In my life, have I ever felt that God was calling me to do something for Him that meant how I was using my time needed to change?
“You don’t have to be any more talented, any richer, any slimmer, any smarter, any more or less of anything to partner with God. All you have to be is willing to be used by Him in everyday ways.”
“’No one can serve two masters; for either (she) will hate the one and love the other, or (she) will stand by and be devoted to the one and despise and be against the other. You cannot serve God and mammon (deceitful riches, money, possessions, or whatever is trusted in).’”
Matthew 6: 24
Having just lied to the prophet he served, Gehazi now had to face the music. The truth was going to come out, and it did when Elisha looked into Gehazi’s eyes and said with point blank clarity, “Gehazi, you have been somewhere. My heart went with you. I saw Naaman’s chariot turn around. Don’t try and fool me. I know exactly what went down.” I like the way Bible commentator Matthew Henry describes this situation recorded in II Kings 5: 26, “Had Gehazi yet to learn that prophets had spiritual eyes? Could he think to hide from Elisha, from him whom the secret of the Lord was with?”
As Henry goes on to question, “Did not the eye of God go with Gehazi?”
How strange it is that we think we will be able to keep secret that which we hope to hide. Elisha’s heart and eyes had followed Gehazi every step down the road toward Naaman’s chariot. He knew exactly what was taking place. But what’s more, God saw the dreadful path that Gehazi chose to walk. As Solomon penned in Proverbs 12: 19, “Truthful lips shall be established forever, but a lying tongue is credited but for a moment.” Let’s just say the chickens had come home to roost and they were crowing very loudly.
Gehazi had been caught with his hand in the cookie jar – something I happen to understand for my grandma had one of those cute ceramic Dutch girl cookie jars years ago. Little hands loved lifting the lid, as quietly as possible, and then after getting a delicious icebox cookie from the jar, I’d try and put the lid back on without making a clanking-sound. Inevitably, someone would come around the corner into the dining room and my sneaky behavior was on display.
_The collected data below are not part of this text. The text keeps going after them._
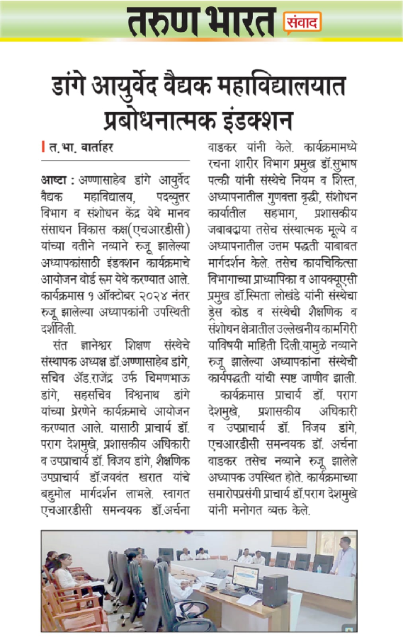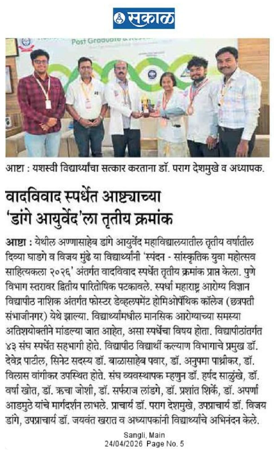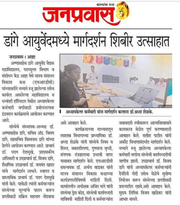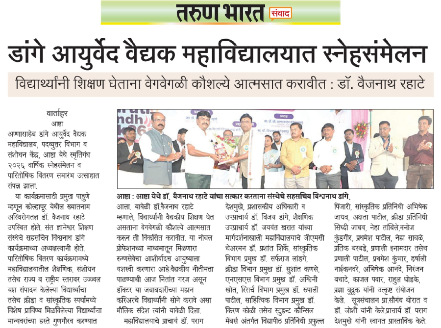We at Hon. Shri. Annasaheb Dange Ayurved Medical College, Post Graduate & Research Center, Ashta are committed out of dedication, to realize our vision by offering medical education & services to the society.
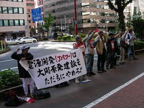 2013年2月14日、大間原子力発電所建設再開中止を求める抗議にも関わらず、貴社は建設再開を止めようとしないことに対して強く抗議し、再度大間原子力発電所建設の中止を求めます。
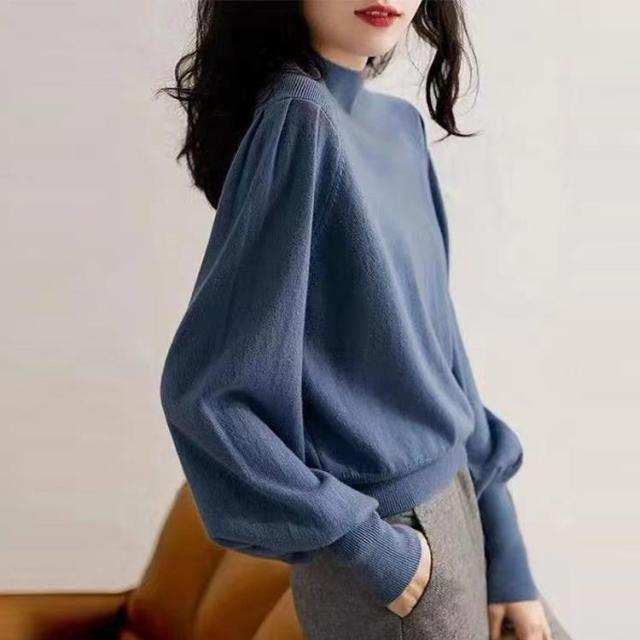 ハイネック 春 ニット ボリューム袖 トップス ニット セーター セーター 豊富な品揃え ブルー キャメル ベージュ ブラック
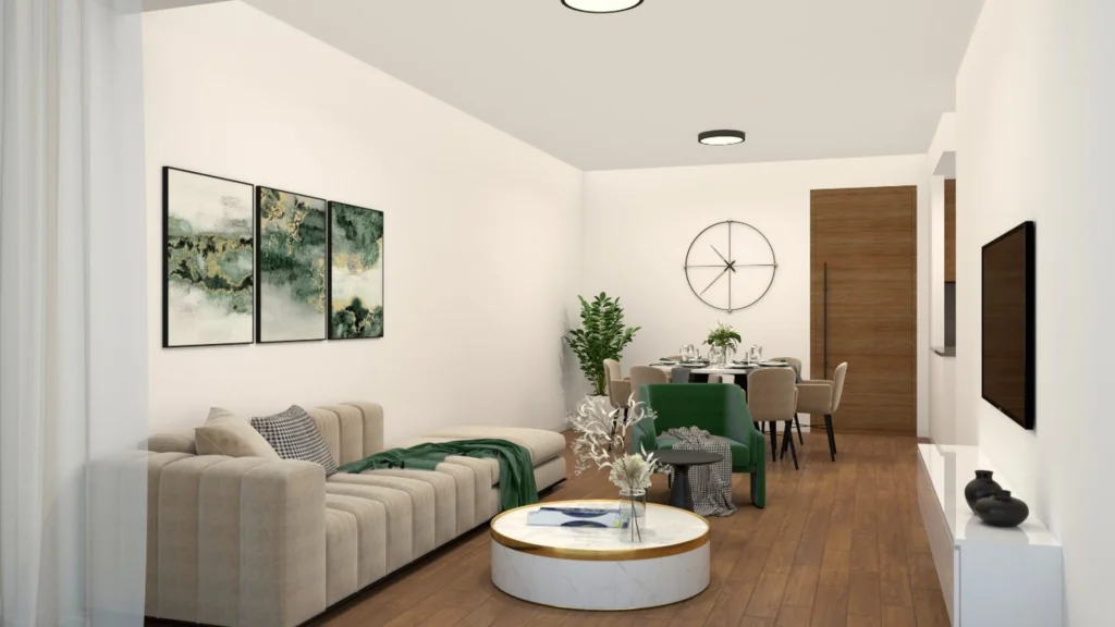 The apartment’s interior is thoughtfully crafted to combine functionality and style. The open-plan living space is filled with natural light and flows seamlessly onto a spacious covered veranda, perfect for quiet mornings or warm evenings outdoors. A modern kitchen blends aesthetics with practicality, while the comfortable bedroom and sleek bathroom add to the sense of refined ease.
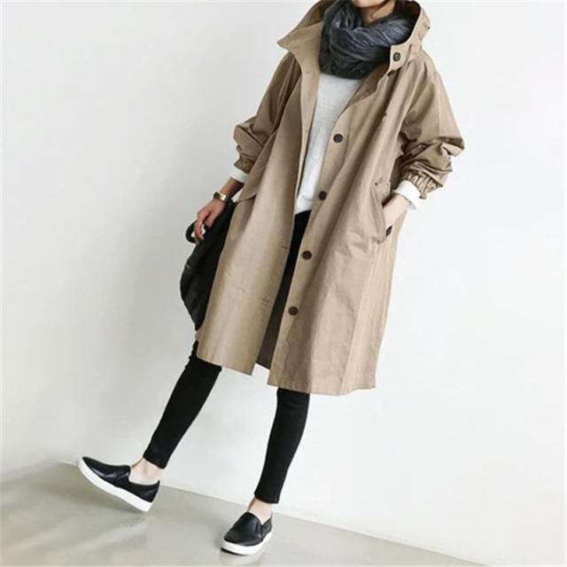 トレンチコート 春服 レディース ライトコート 秋冬 ミリタリー ロング 防寒 フード 長袖 スプリングコート カジュアル モッズ ジャ

This is what happened to Gehazi. But here’s where I find the Bible such a fantastic guide for life. Instead of telling Gehazi off or condemning him with talk of hell-fire and brimstone, Elisha asked a probing question, one that is appropriate to ask in each of our lives, thousands of years later. While I want to study Elisha’s words recorded in the King James Version of the Bible, I want to share how II Kings 5: 26 reads in The Message Bible, “Elisha said, ‘Didn’t you, Gehazi, know I was with you in spirit when that man (Naaman) stepped down from his chariot to greet you? Tell me, is this a time to look after yourself, lining your pockets with gifts?” I want to share a few more words from Matthew Henry who I believe really captures the truth at the heart of this story. He makes this keen observation about Elisha’s words to Gehazi, “’Is it a time to receive money? Is this an opportunity of enriching thyself?’ Those that are for getting wealth at any time, and by any ways and means whatsoever, right or wrong, lay themselves open to a great deal of temptation…It is not a time to increase our wealth when we cannot do it but in such ways as are dishonorable to God and injurious to those close to us.”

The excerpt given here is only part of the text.